64. Когда путь Кассию был открыт, Марцелл соединил свой лагерь с Лепидовым. В одно и то же время Лепид и Марцелл отправились в Кордубу, а Кассий со своими в Кармону. В то же время прибыл проконсул Требоний для принятия управления провинциею. Узнав о его прибытии, Кассий - легионы, бывшие при нем, и конницу расставил по зимним квартирам, а сам отправился в Малаку, захватив с собою наскоро все свои вещи. В Малаке он сел на корабль не смотря на то, что время было неблагоприятно для плаванья, не желая, как он говорил, отдаться в руки Лепида, Требония и Марцелла. Друзья его говорили, что ему совестно было и несовместно с его достоинством ехать через область, большая часть которой отпала от него. А многие были того мнения, что он опасался за свои сокровища, награбленные бесчисленными притеснениями, как бы они не достались в чьи либо руки. Сначала ветер, хотя и ненастный, был ему попутен; но когда он на ночное время свернул в реку Ибер, а оттуда, несмотря на то, что ветер усилился, продолжал плавание, надеясь его совершить также безопасно как прежде и пустился против прибоя в устьи реки, и самом этом месте не будучи в состоянии ни повернуть судно против течения реки, ни преодолеть бывшего на встречу прибоя, потонул с кораблем.
65. Когда Цезарь прибыл из Египта в Сирию, тут он узнал от приехавших к нему из Рима о том, о чем уже он давно догадывался из писем, оттуда к нему писанных, что управление делами общественными идет в Риме очень дурно и беспорядочно: государство волновалось гибельным своеволием трибунов. военные трибуны из честолюбия излишнею снисходительностью ослабили военную дисциплину и начальники легионов, приняв многое, не соответствовавшее духу военных учреждений, содействовали тем к ослаблению прежней строгости и дисциплины. Все это требовало присутствия Цезаря в Риме. Впрочем Цезарь заблагорассудил прежде те страны и области, в которых находился, оставить в таком виде, чтобы у них не было более повода к внутренним несогласиям, чтобы они управлялись постоянными правами в законами и вперед не могли бы страшиться врага внешнего. Достигнуть этого в Сирии, Киликии и Азии Цезарь надеялся очень скоро, потому что эти провинции не были угрожаемы войною. В Вифинии и в Понте предстояло более затруднений: Фарнак не выходил из Понта, да и нельзя было ожидать, чтобы он вышел, возгордясь свою победою над Домицием Кальвином. Цезарь сам посетил все города, сколько нибудь значительные и роздал награды гражданам, заслуживавшим их, отдельно и целым обществам вместе. Он исследовал давнишние несогласия и решил их; принял изъявления верности царей, тиранов, областных династов, собравшихся к нему отовсюду из соседних стран, предписал им условия, на которых они должны были управлять и оберегать земли, вверенные их управлению, и потом отпустил их, привязав их к себе и к народу Римскому.

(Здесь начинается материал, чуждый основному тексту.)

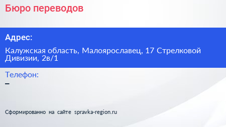 Бюро переводов по адресу Калужская область, Малоярославец, 17 Стрелковой Дивизии, 2в/1 в дальнейшем Организация, размещена в следующих категориях:
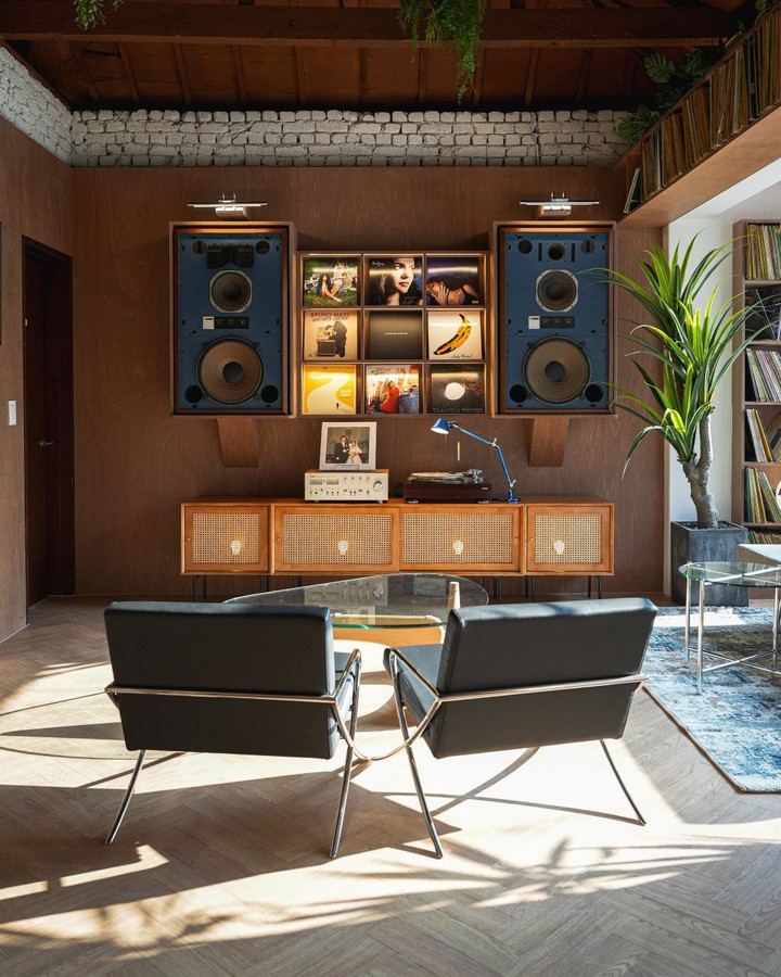 Integrate wireless speakers into bookcases or use furniture with built-in sound systems for entertainment without visible equipment.
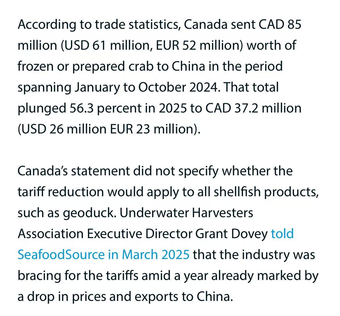 若消息落地,加拿大龙虾出口有望快速回血。2025年1—10月,加拿大对华鲜活龙虾出口额同比跌35%至2.72亿加元,局部码头价一度跌破成本线。关税消息传出后,新斯科舍省Fundy湾现货价已反弹至每磅12.5加元。

66. Проведя несколько дней в этой провинции, Юлий Цезарь вверил начальство над Сириею и легионами Сексту Цезарю, своему родственнику и другу, а сам с тем же флотом, с которым прибыл, отправился в Киликию. Представителей всех городов ее он созвал в Тарс, самый значительный и укрепленный изо всех Киликийских городов. Здесь он пробыл не долго, но, спеша отправиться на место военных действий, оставался здесь именно на столько времени, сколько нужно было для устройства всех дел в этой провинции и прилежащих ей землях. Совершая длинные переходы по Каппадокии, Цезарь на два дня останавливался в Мазаке и прибыл в Коману, где находится храм Беллоны, весьма уважаемый в Каппадокии по древности его и святости. Уважение это простирается до того, что жрец Беллоны пользуется у жителей этой страны величием, властью и могуществом таким, что в этом уступает только одному Царю. Эту должность Цезарь отдал Ликомеду, родом из Вифинии; он, происходя от царей Каппадокийских, имел на нее бесспорные права, но они были немного забыты вследствие несчастий, постигших его предков и перемену рода; теперь же Цезарь восстановил его в правах, ему принадлежавших. Что же касается до, брата Ариобарзанова, Ариарата (а оба они равно принесли большие услуги Римскому государству), то Цезарь, чтобы и наследство царства не соблазняло Ариарата, и как наследник не был бы он постоянною грозою, подчинил Ариарата власти брата, а сам отправился в дальнейший поход с прежнею поспешностию.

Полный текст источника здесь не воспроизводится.